The primary analysis will be by intention-to-treat. Since population-level smoking abstinence rates are expected to be small, z-tests comparing the strata-weighted differences between the two groups are less appropriate than comparisons based on odds ratios. The study design is a randomized complete block design, however, the patient populations within site vary and hence the proportion of the site population included in the study varies across site. Different intra-block (stratified) logistic analyses have been devised for similar survey designs for sampling from finite populations [32, 33]. Herein these survey design-based logistic analyses are referred to as survey-logistic regressions. We will use survey-logistic regression methods to estimate and test intervention effects and racial/ethnic differences in the intervention effects on both smoking abstinence (e.g., 6-month prolonged abstinence, 7-day and 30-day point prevalence abstinence) and treatment utilization rates. These regression models will take into account the design stratification and the relative stratification populations. The models also will include any relevant covariates to adjust for confounding, if warranted. In this event we will use cross validation methods and standard model diagnostic methods to identify a well fitting model. Inference with respect to the impact of the intervention will be based on point estimates of the odds ratio for the effect of proactive outreach on the outcome relative to usual care, along with 95% confidence intervals and corresponding standard test results.

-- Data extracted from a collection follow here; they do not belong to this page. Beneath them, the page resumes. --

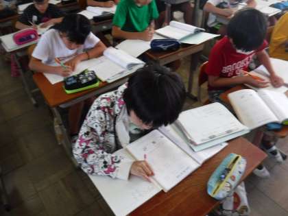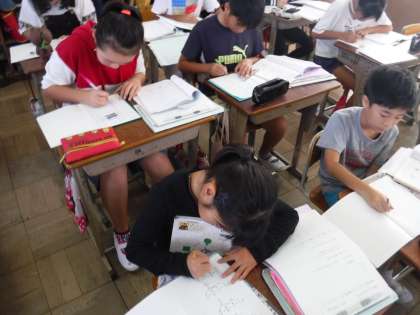 「約分」「通分」など,新しく習った言葉をしっかり頭に入れながら,問題に挑戦しました。
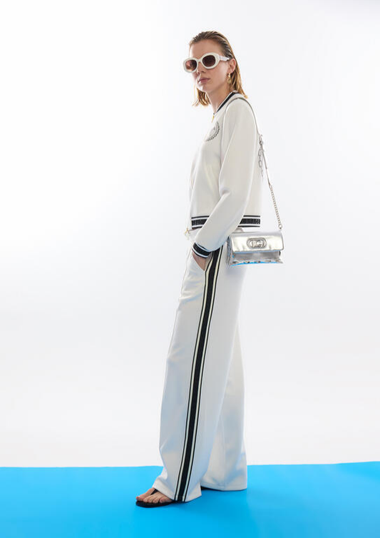 CALÇAS JOGGER BEGE COM RISCA VERTICAL BRANCA - LOLA CASADEMUNT
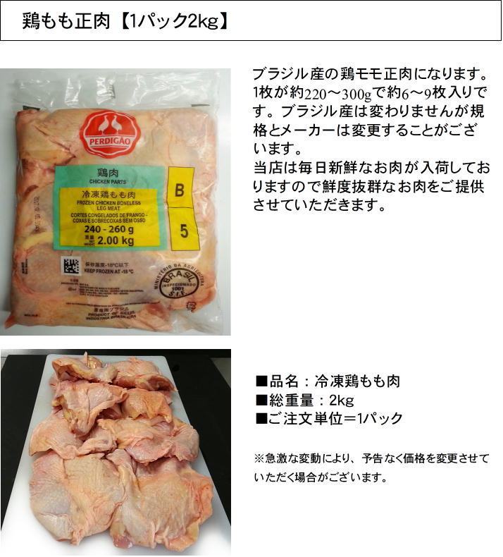 【数量限定】驚愕販売中!!【売り切れ次第終了】!【業務用】【ブラジル産】鶏もも(2kg) 焼き鳥 唐揚げ 鶏肉 鶏もも とりもも 正肉
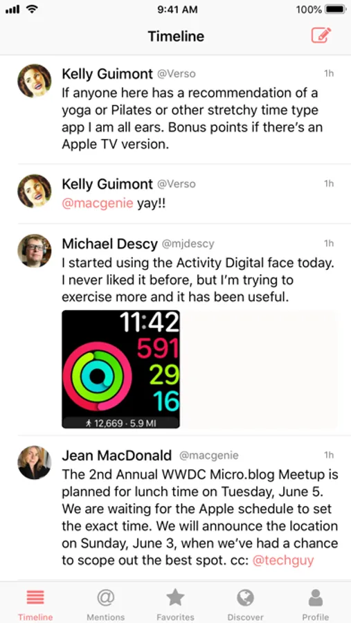 View your timeline, mentions, favorites and the discover section. Post to micro.blog hosted sites or own Wordpress sites. Reply to users and view ongoing conversations.
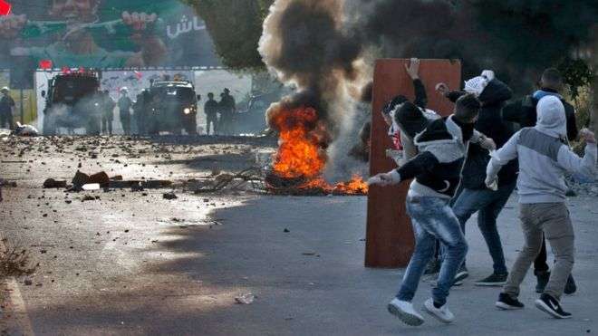 Las protestas fueron convocadas por grupos palestinos, que llamaron a un “Día de la ira” en protesta por la decisión del presidente estadounidense Donald Trump de reconocer a Jerusalén como la capital de Israel.
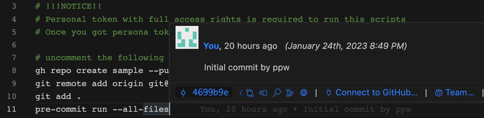 当 ppw 生成了框架代码之后,我们需要把它提交到 Github 上去。由于此时 Github 上还没有这个仓库,我们必须等用户手动创建,因此这个提交也没法自动化。当我们使用了 Github cli 之后,这个问题就解决了:
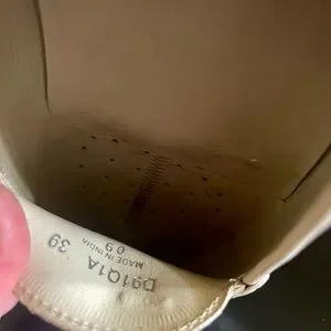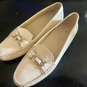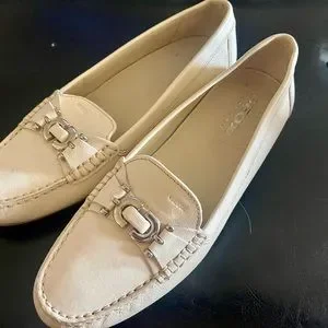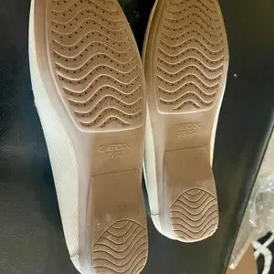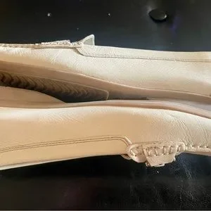 My foot changed after pregnancy, never worn. Ivory leather GEOX brand loafers, I bought these retail because I thought the full sole was better & would be longer lasting than the NOBBY driving sole shoes.
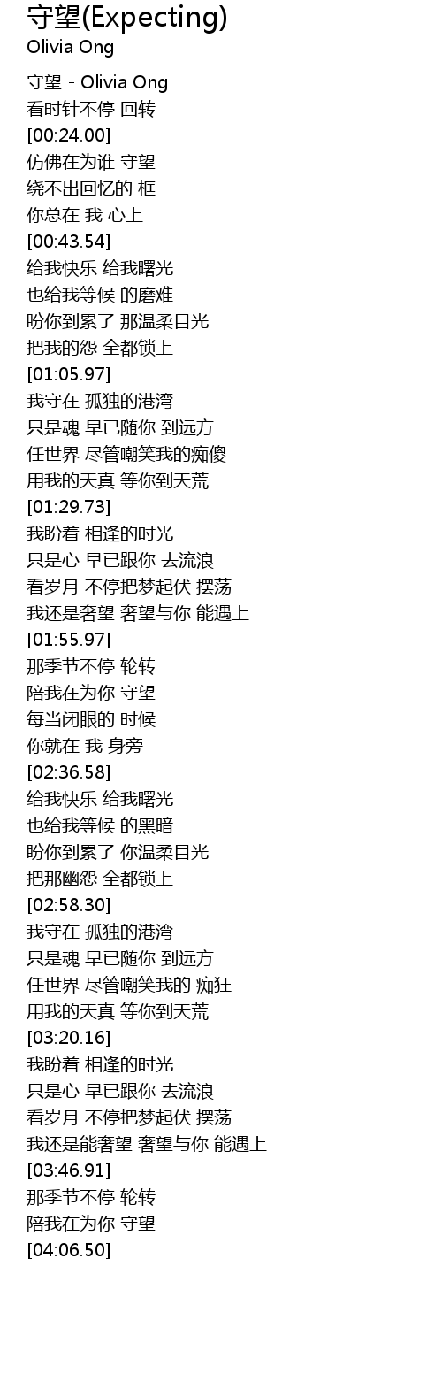 | [00:00.00] | shǒu wàng Olivia Ong |
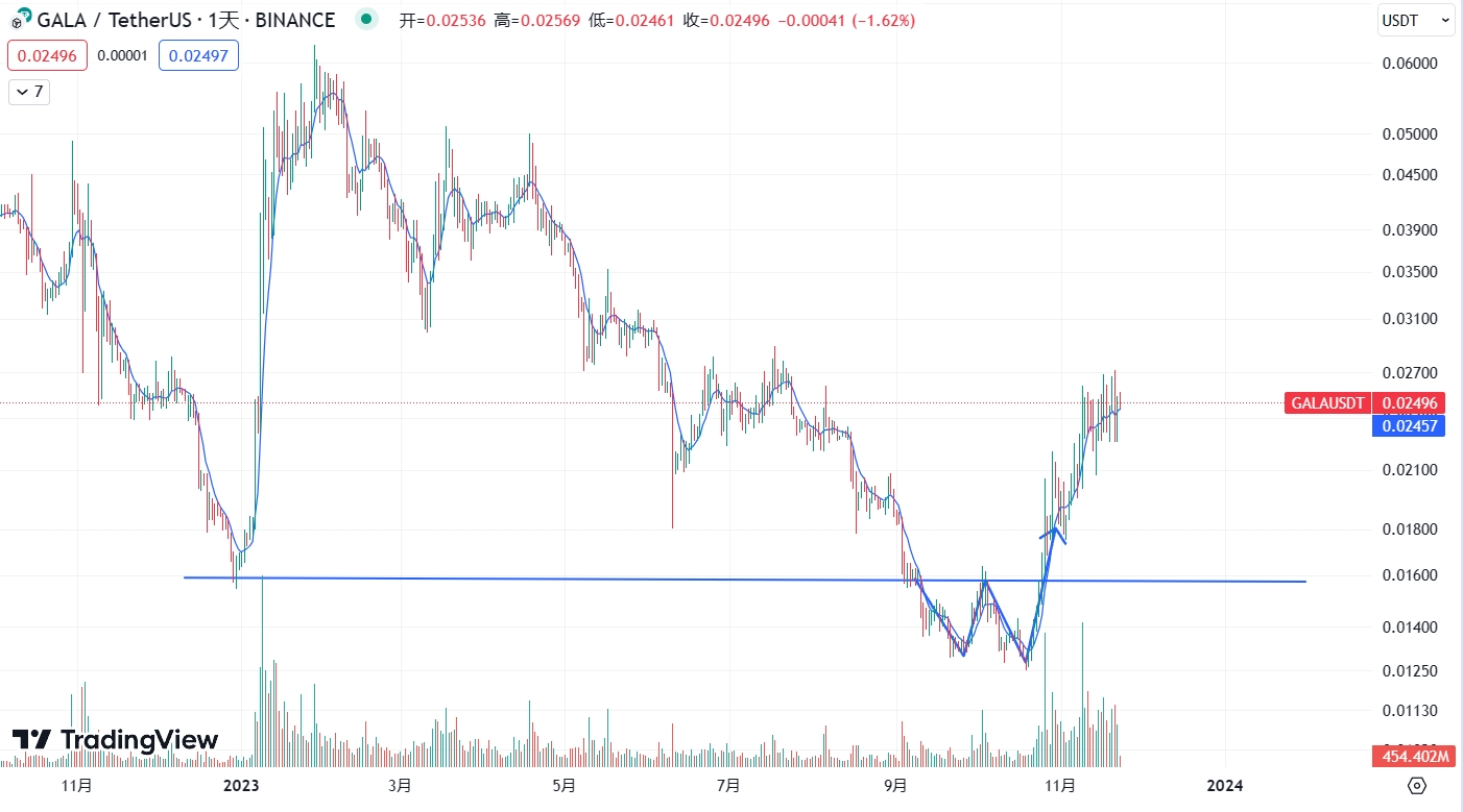 根据 Trading View 数据,在 Binance 现货中 $Gala 在10.19日时触底,并在接下来的行情中开始放量拉升,目前价位约 $0.025,较底部反弹约 100%,底部形成标准 W 底结构,颈线触及上一段下跌行情的强支撑点。我们容易看出,$Gala 大概率已经筑底完成,为迎接牛市做好了准备。

The power analysis assumes independent samples in the two groups from the four sites and considers a type one error rate of 0.05. A meaningful difference, from a public health perspective, is for PRO to produce a 2% increase in population-level smoking abstinence rates compared to UC. Using a base rate of 3% to estimate the sample size for this study, this study requires 1500 participants per intervention group (or total N = 3000) to have at least 80% power to detect a 2% or greater absolute difference in population-level smoking abstinence rates between groups. In addition, this study is well powered (> 90%) to detect clinically meaningful differences of 6% in treatment utilization rates using the most conservative base rate assumption of 50%. In order to achieve 3000 completed follow-up surveys from participants, we estimated that we need to include 6400 participants who will be sent the baseline survey. Among the 6400 participants who are mailed a baseline survey, we estimate approximately 5120 participants (20% exclusion rate due to subject refusal and misclassification of cigarette smoking status) will be sent a follow-up survey. We estimate a 60% response rate to the follow-up survey, which will result in about 3000 completed follow-up surveys.